With the images removed, write out every line below exactly.

** SOURCE MATERIAL **

───

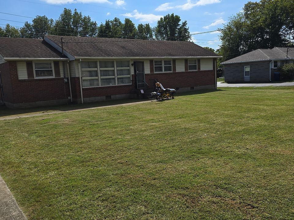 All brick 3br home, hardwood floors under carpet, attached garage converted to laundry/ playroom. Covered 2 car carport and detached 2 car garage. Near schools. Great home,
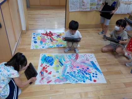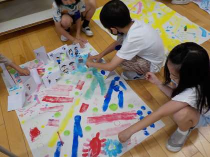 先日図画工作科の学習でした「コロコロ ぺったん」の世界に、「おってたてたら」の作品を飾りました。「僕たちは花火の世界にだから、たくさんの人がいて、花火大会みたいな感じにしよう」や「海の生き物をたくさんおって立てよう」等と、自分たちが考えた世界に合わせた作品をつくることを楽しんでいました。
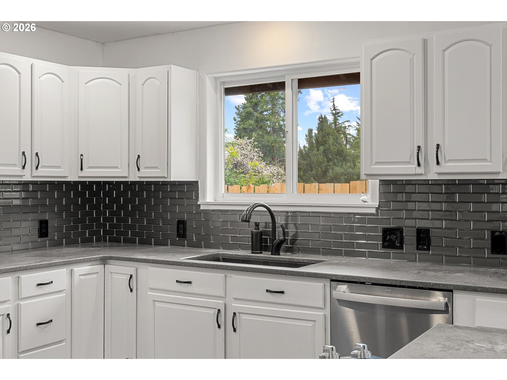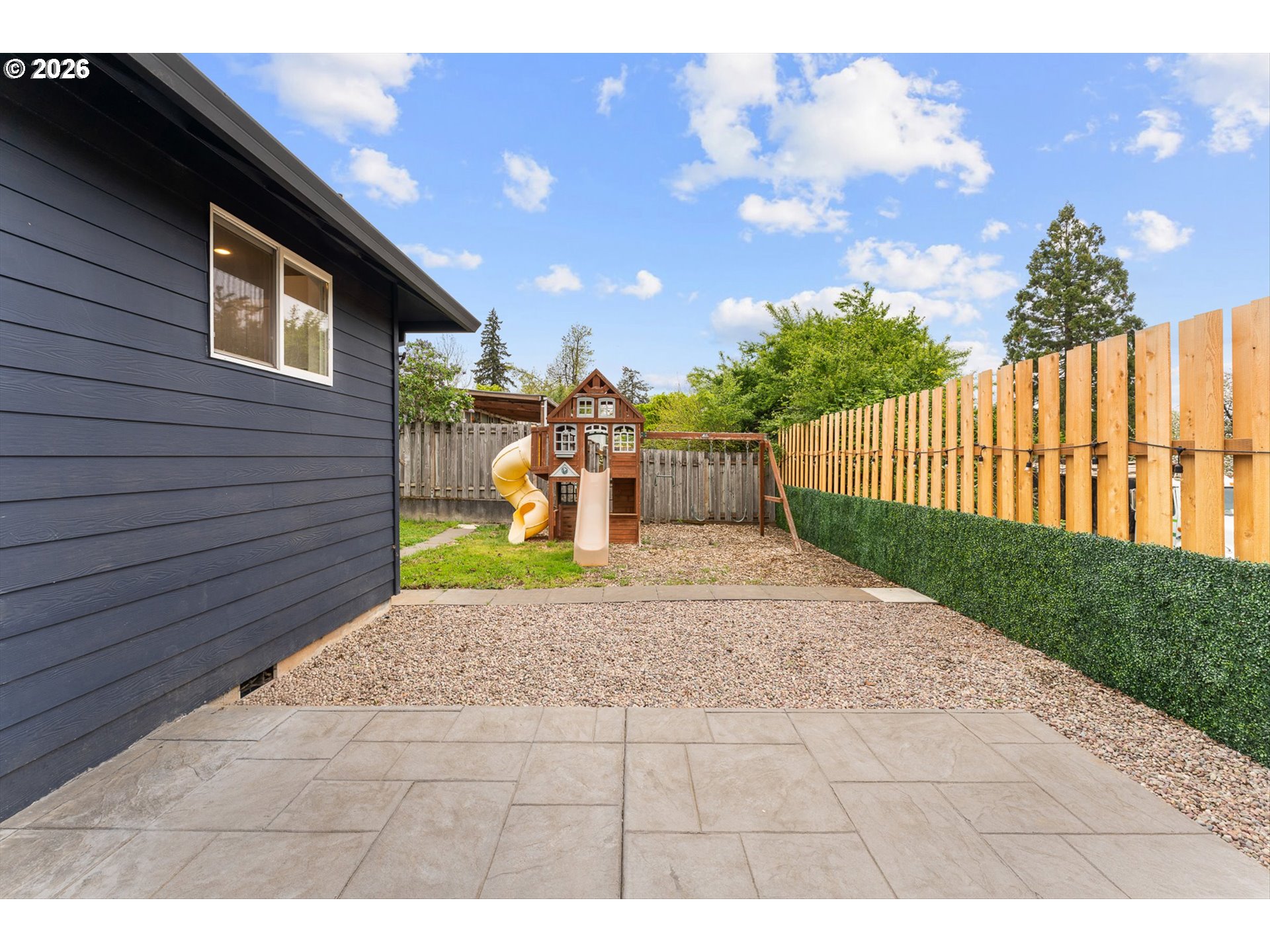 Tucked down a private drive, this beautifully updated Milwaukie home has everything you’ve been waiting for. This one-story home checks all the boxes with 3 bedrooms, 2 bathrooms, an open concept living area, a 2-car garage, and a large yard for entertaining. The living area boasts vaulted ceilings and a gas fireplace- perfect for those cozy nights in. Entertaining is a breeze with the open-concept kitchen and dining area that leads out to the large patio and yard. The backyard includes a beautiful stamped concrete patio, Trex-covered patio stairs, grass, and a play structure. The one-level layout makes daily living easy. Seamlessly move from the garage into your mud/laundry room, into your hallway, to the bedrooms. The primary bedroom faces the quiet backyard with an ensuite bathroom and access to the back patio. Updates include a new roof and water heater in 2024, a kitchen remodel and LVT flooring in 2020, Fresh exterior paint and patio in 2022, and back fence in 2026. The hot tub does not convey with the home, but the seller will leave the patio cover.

───

** RESULT BELOW **
 All brick 3br home, hardwood floors under carpet, attached garage converted to laundry/ playroom. Covered 2 car carport and detached 2 car garage. Near schools. Great home,
 先日図画工作科の学習でした「コロコロ ぺったん」の世界に、「おってたてたら」の作品を飾りました。「僕たちは花火の世界にだから、たくさんの人がいて、花火大会みたいな感じにしよう」や「海の生き物をたくさんおって立てよう」等と、自分たちが考えた世界に合わせた作品をつくることを楽しんでいました。
 Tucked down a private drive, this beautifully updated Milwaukie home has everything you’ve been waiting for. This one-story home checks all the boxes with 3 bedrooms, 2 bathrooms, an open concept living area, a 2-car garage, and a large yard for entertaining. The living area boasts vaulted ceilings and a gas fireplace- perfect for those cozy nights in. Entertaining is a breeze with the open-concept kitchen and dining area that leads out to the large patio and yard. The backyard includes a beautiful stamped concrete patio, Trex-covered patio stairs, grass, and a play structure. The one-level layout makes daily living easy. Seamlessly move from the garage into your mud/laundry room, into your hallway, to the bedrooms. The primary bedroom faces the quiet backyard with an ensuite bathroom and access to the back patio. Updates include a new roof and water heater in 2024, a kitchen remodel and LVT flooring in 2020, Fresh exterior paint and patio in 2022, and back fence in 2026. The hot tub does not convey with the home, but the seller will leave the patio cover.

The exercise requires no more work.